I read from the book The road to reality (by R. Penrose) that it is related to taking exponentiation when making (finite) Lie group elements from Lie algebra elements. It seems like using Taylor's theorem on a manifold so we have, for example, there was the following equation explaining why it is the case.

$f(t) = f(0) + f'(0)t + \frac{1}{2!}f''(0) t^2+\cdots = (1+t\frac{d}{dx}+\frac{1}{2!}t^2\frac{d^2}{dx^2}+\cdots)f(x)|_{x=0} = e^{t\frac{d}{dx}}f(x)|_{x=0}$.

The differential operator can be thought of as a vector field on a manifold, and it is how Lie algebra elements (which are vectors, on a group manifold (Lie group), in a tangent space at the identity element). If I understood correctly, the truth is that this is exactly the exponential map that sends a vector on a tangent space into the manifold in such a way that it becomes the end point of a geodesic (determined by the vector) having the same length.

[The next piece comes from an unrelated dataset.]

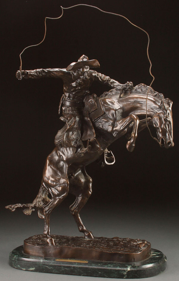 Inscribed on base "Frederic Remington" and title plaque "Bronco Buster"
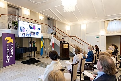 10月15日、在スウェーデン日本国大使館は、シルヴィア王妃陛下ご臨席のもと、大使公邸において、「アルツハイマー若手研究者シルヴィア王妃陛下賞」の授賞式及び記念レセプションをスウェーデン・アルツハイマー財団と合同で開催しました。

Why is the above Taylor expansion valid on a manifold? Why is the exponential map the same as taking exponentiation?

Answer 1

The idea of an exponential is the continuous compounding of small actions. Suppose you start with an object $p$, perform an action on it $v$, and then add the result back to the original object. What happens if you instead take half as much action but do it twice? What about if you take one tenth the action but do it ten times? The exponential function tries to capture this idea: $$\exp (\text{action}) = \lim_{n \rightarrow \infty} \left(\text{identity} + \frac{\text{action}}{n}\right)^n.$$

On a differentiable manifold there is no addition, but we can consider this action as pushing a point a short distance in the direction of the tangent vector, $$``\left(\text{identity} + \frac{\text{v}}{n}\right)"p := \text{push }p\text{ by} \frac{1}{n} \text{ units of distance in the }v \text{ direction}.$$

Doing this over and over, we have $``\left(\text{identity} + \frac{\text{v}}{n}\right)^n"p$ means push $p$ by $\frac{1}{n}$ units of distance in the $v$ direction, then push it again in the same direction you already pushed it, and keep doing so until you have pushed it $n$ times.

So long as $\frac{1}{n}$ is small enough that pushing points and vectors in a tangent direction makes sense, what we end out doing is pushing the point $p$ a total of $1$ unit of distance along the geodesic generated by $v$.

Answer 2

Consider the following:

Let $a\in\mathbb{R}$, and define a smooth vector field $X$ on $\mathbb{R}_+$, by $X(p)=ap$. Note that $X$ is left-invariant, when thinking of $\mathbb{R}_+$ as a Lie group. Now let $\gamma$ be a trajectory of $X$, with $\gamma(0)=1$. By solving a simple ODE, one verifies that $\gamma(1)=e^a$, thus the term "exponential map" for Lie gropus coincides with what we know as exponential map on $\mathbb{R}$.